Scotland’s Renewable Energy Sector in Numbers

Scottish Renewables has compiled the key statistics on the development of Scotland’s renewable energy sector from a variety of government and industry sources in order to track the industry’s growing contribution to our energy needs, our economy and our environment.

These statistics are updated on a continuous basis as new data becomes available.


This page contains statistics relating to the following areas:

Electricity

Chart 8: Total Renewables Investment in Scotland in 2014

Heat

Chart 9: Renewable Heat Capacity by Technology in Scotland 2013
Chart 10: Renewable Heat Output by Technology in Scotland 2013
Chart 11: Progress Towards the 2020 Renewable Heat Target

Jobs

Chart 12: Renewables Jobs in Scotland 2013


Electricity

Capacity

Scotland’s renewable electricity capacity has shown steady growth over the last few years with the average annual capacity increase over 650MW since the end of 2007.

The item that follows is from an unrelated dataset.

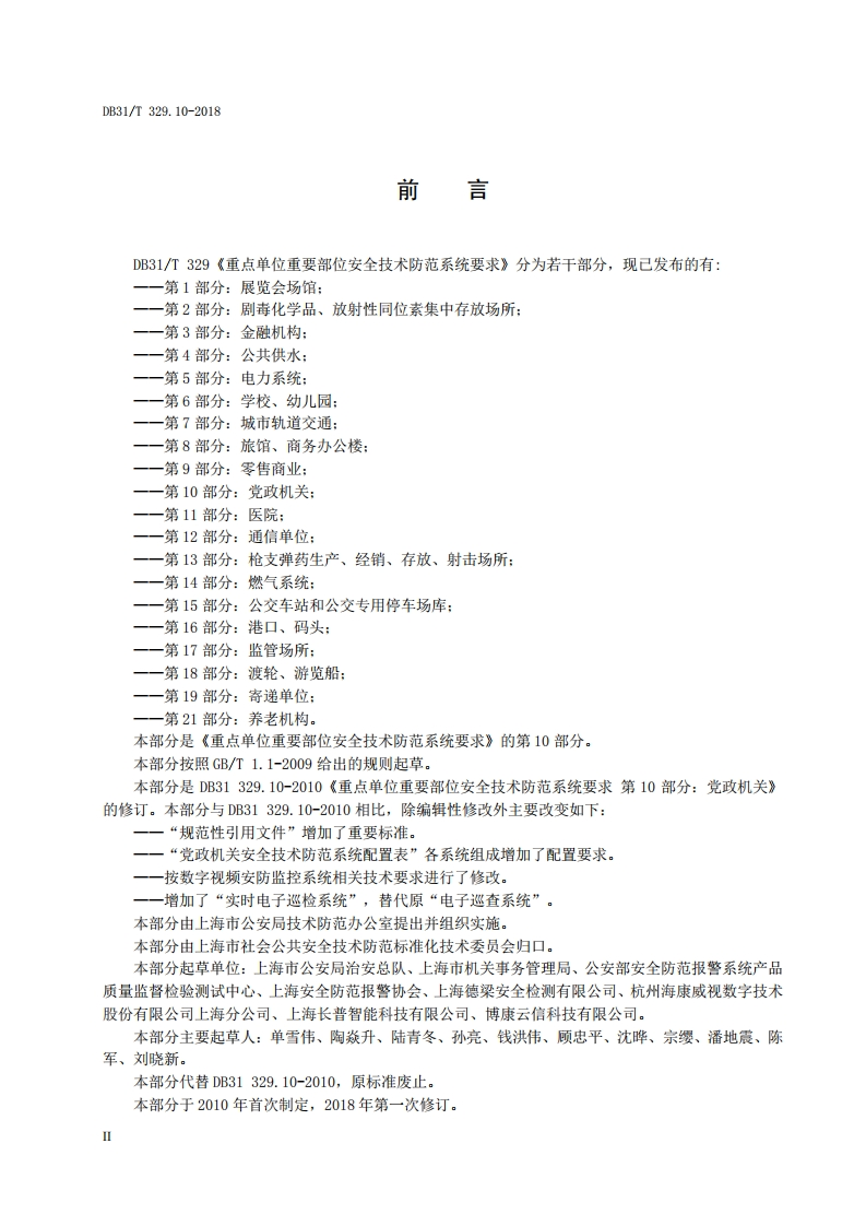 DB31-T329_10-2018党政机关348072@abc1个月前发布关注私信0.35MB17页048DB31-T329_10-2018党政机关此内容为付费资源,请付费后查看¥13¥19黄金会员免费钻石会员免费立即购买您当前未登录!建议登陆后购买,可保存购买订单付费资源 第1页 / 共17页 第2页 / 共17页 第3页 / 共17页 第4页 / 共17页 第5页 / 共17页 试读已结束,还剩12页,您可下载完整版后进行离线阅读 THE END标准规范 文本预览 ICS13.320A90备案号:DB31上海市地方标准DB31/T329.10-2018代替DB31329.10-2010重点单位重要部位安全技术防范系统要求第10部分:党政机关Security system requirements for critical facilities Part 10:Government authorities2018-12-25发布2019-04-01实施上海市市场监督管理局发布 查看更多 收起部分 喜欢就支持一下吧收藏

Chart 1: Total Installed Capacity of Renewable Electricity in Scotland 2007-2014

Source: Historic Regional Statistics (DECC) and DECC Energy Trends

Chart 2 sets out the current mix of renewable electricity generation capacity in Scotland.  With the total now over 7GW, the sector is two and a half times bigger than it was at the end of 2007.  Onshore wind is the biggest single technology, accounting for over 69 per cent of installed capacity, while hydro, offshore wind and bioenergy are Scotland’s other major sources of renewable power.

Chart 2: Current Installed Capacity of Renewable Electricity (End Q4 2014)

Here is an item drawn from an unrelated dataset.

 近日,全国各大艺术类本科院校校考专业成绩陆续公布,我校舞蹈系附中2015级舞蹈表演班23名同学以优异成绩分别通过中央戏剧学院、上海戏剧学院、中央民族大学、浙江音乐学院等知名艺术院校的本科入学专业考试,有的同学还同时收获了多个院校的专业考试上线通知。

Source: DECC Energy Trends

There is significant additional capacity in development across Scotland, with projects either in planning or already consented which now total over 12GW.  Again, capacity increases in the short term will come from onshore wind, with over 4GW of capacity already consented and a further 3.6GW in planning.  In the longer term, over the next decade, we could see major increases in offshore wind, with over 4GW already consented. There is also 244MW of bioenergy projects at various stages of development and 187MW of wave and tidal projects either in planning or already consented.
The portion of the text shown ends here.